HIPAA Privacy Regulations

This notice describes how medical information about you may be used and disclosed and how you can get access to this information. Please review it carefully.

This notice covers information gathered about you in connection with your medical treatment provided here at North Country Hospital or one of the practice groups that are departments of the Hospital. Physicians who provide care for you may be employed by North Country Hospital or are independent appointees to our medical staff that are granted privileges here. This notice applies to both in and outpatient services.

Understanding Your Health Record/Information
Each time you visit a hospital, physician, or other healthcare provider, a record of your visit is made. Typically, this record contains your symptoms, examination and test results, diagnoses, treatment, and a plan for future care or treatment. This information, which we refer to as your health or medical record, is an essential part of the health care we provide for you. It serves as a:

  • History and foundation for planning care and treatment.
  • Way to communicate between the various health professionals who contribute to your care.
  • Legal document describing the care you received, and a way for the payer for services can verify charges.
  • Source of information for officials charged with improving public health.
  • Tool with which we can assess and continually work to improve the care we provide.

Your health record contains personal health information, the confidentiality of which is protected under both state and federal law. Understanding how we expect to use and disclose your health information helps you to:

  • Ensure its accuracy.
  • Better understand who, what, when, where, and why your health care providers and others may access your health information, and
  • Make more informed decisions when authorizing disclosure to others.

Your Health Information Rights
Although your health record is the physical property of the healthcare practitioner or facility that compiled it, the information belongs to you. Under the Federal Privacy Rules, you generally have the right to:

  • Receive notice of the uses and disclosures we expect to make of your health information. You may elect to receive this notice electronically, but you are also entitled to receive a paper copy upon request.
  • Request additional restrictions on uses and disclosures of your health information (though we are not required to agree to any such request), or request that we send you confidential communications by alternative means or at alternative locations.
  • Inspect and obtain a copy of your health record.
  • Request that your health record be amended.
  • Obtain an accounting of disclosures of your health information made without authorization after April 14, 2003 for purposes other than treatment, payment, or health care operations.

Some of these rights are subject to exceptions and restrictions according to Federal Rules.

Records may be in more than one location. We require a request to inspect and copy to be in writing. We reserve the right to restrict requests to normal business hours with an appointment, if necessary. We also reserve the right to use the time allotted by law to comply with your request.

Please direct requests to: Carmen Nolte, Director of Health Information Management, 334.2365.  E-Mail  cnolte@nchsi.org

Our Responsibilities
We are required by the Federal Privacy Rules to:

  • Maintain the privacy of your health information,
  • Provide you with notice as to our legal duties and privacy practices with respect to health information we collect and maintain about you,
  • Abide by the terms of this notice, subject to the following reservation of rights.

We reserve the right to change our health information practices and the terms of this notice, and to make the new provisions effective for all protected health information we maintain, including health information created or received prior to the effective date of any such revised notice. Should our health information practices change, we will post and/or provide a revised notice. We will not use or disclose your health information without your consent or authorization, except as described in this notice.

Uses and Disclosures for Treatment, Payment and Health Care Operations
(This is not an exhaustive list.
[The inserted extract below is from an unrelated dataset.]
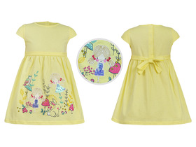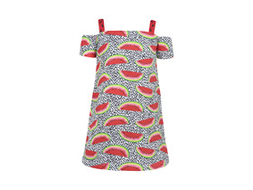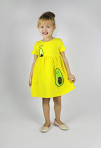 Кулирное полотно:100% х/б.Платье-прямой силуэт,на лямках,короткий двойной рукав-открытое плечо.Печать на лямках.

Other uses and disclosures occur. The examples below are given to give you an idea of how information is used)

We will use or disclose your health information for treatment.
For example: Information obtained by a nurse, physician, or other member of your healthcare team will be recorded in your record and used to determine the course of treatment that should work best for you. Your physician will document in your record his or her expectations of the members of your healthcare team. Members of your healthcare team will then record the actions they took and their observations. In that way, the physician will know how you are responding to treatment.
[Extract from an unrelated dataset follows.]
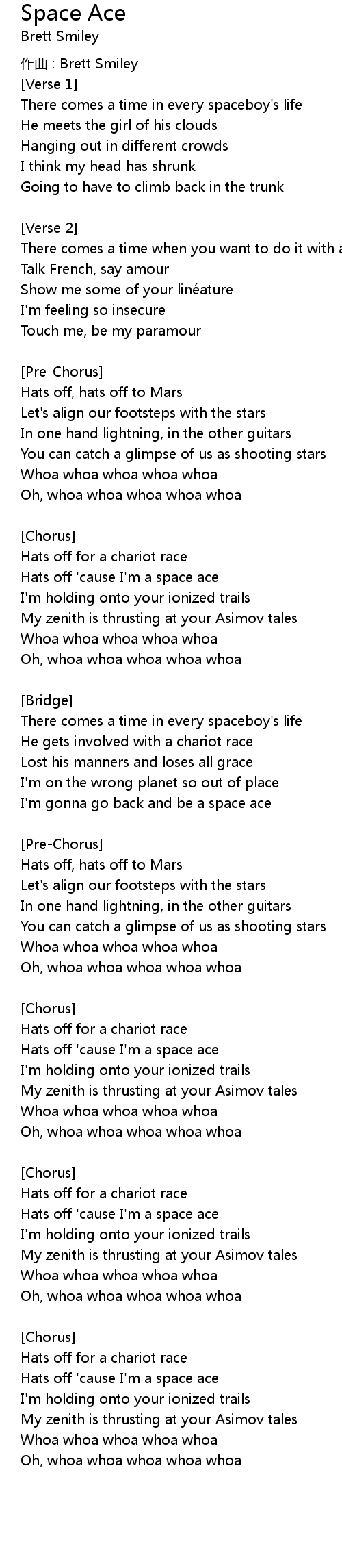 | Hats off 'cause I'm a space ace | |

We will use or disclose your health information for payment.
For example: A bill may be sent to you or your insurance company or health plan. The information on or accompanying the bill may include information that identifies you, as well as your diagnosis, procedures, and supplies used.

We will use or disclose your health information for health care operations.
Certain uses of health information are necessary for the day-to-day operations of a health care facility. For example: Appointees to the medical staff, risk managers, or members of the quality improvement team may use information in your health record to assess the care and outcomes in your case and others like it. This information will then be used in an effort to continually improve the quality and effectiveness of the healthcare and service we provide.

Uses and Disclosures That We May Make Unless You Object
Patient List: We maintain a list of current inpatients in the Hospital. If someone inquires about you by name, we will disclose your room number and telephone extension. If you object, in writing, we will not so disclose this information. We also provide a list of religious affiliations available only to clergy. It is, of course, not necessary to indicate such an affiliation.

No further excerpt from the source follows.